There are several possibilities.
Exceeding FD_SETSIZE
Your code checks for a negative file descriptor, but does not exceed the upper limit, which is FD_SETSIZE (usually 1024). Whenever this happens, your code
- damage to own stack
- represents an empty
fd_set for select , which will lead to a hang
Suppose you donβt need so many concurrent open file descriptors, the solution will probably be to look for removal of the file descriptor leak, especially the stack code that handles the closure of abandoned descriptors.
There is a suspicious comment in your code that indicates a possible leak:
If this comment means someone sets m_socket to -1 and hopes that a recv will catch a closed socket and close it, who knows, maybe we are closing -1, not a real closed socket. (Note the difference between closing at the network level and closing at the file descriptor level, which requires a separate close call.)

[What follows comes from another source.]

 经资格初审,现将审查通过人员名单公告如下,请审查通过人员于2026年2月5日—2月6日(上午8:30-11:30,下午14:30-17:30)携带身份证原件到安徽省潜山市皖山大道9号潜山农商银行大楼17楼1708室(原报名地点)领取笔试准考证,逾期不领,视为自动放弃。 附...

This can also be considered by switching to poll , but there are several other limitations imposed by the operating system that make this route quite difficult.
Out-of-band data
You say that the server "sends" data. If this means that data is sent using the send call (as opposed to the write call), use strace to specify the argument of the send flags. If the MSG_OOB flag is MSG_OOB , the data arrives as data out of range - and your select call will not notice it until you pass a copy of fds as another parameter.

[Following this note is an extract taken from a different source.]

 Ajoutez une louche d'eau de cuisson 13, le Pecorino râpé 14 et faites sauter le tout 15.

fd_set fds_copy = fds; select( m_socket + 1, &fds, 0, &fds_copy, timeout == -1 ? 0 : &tv )
Fasting process
If the mailbox is heavily overloaded, the server performs without any blocking calls and with real-time priority (use top to check this) - and the client does not work - the client may be hungry.
Paused process
A client can theoretically be stopped using SIGSTOP . You probably know if this is so by pressing somewhere ctrl-Z or having some specific process that exercises control over the client, except for the launch itself.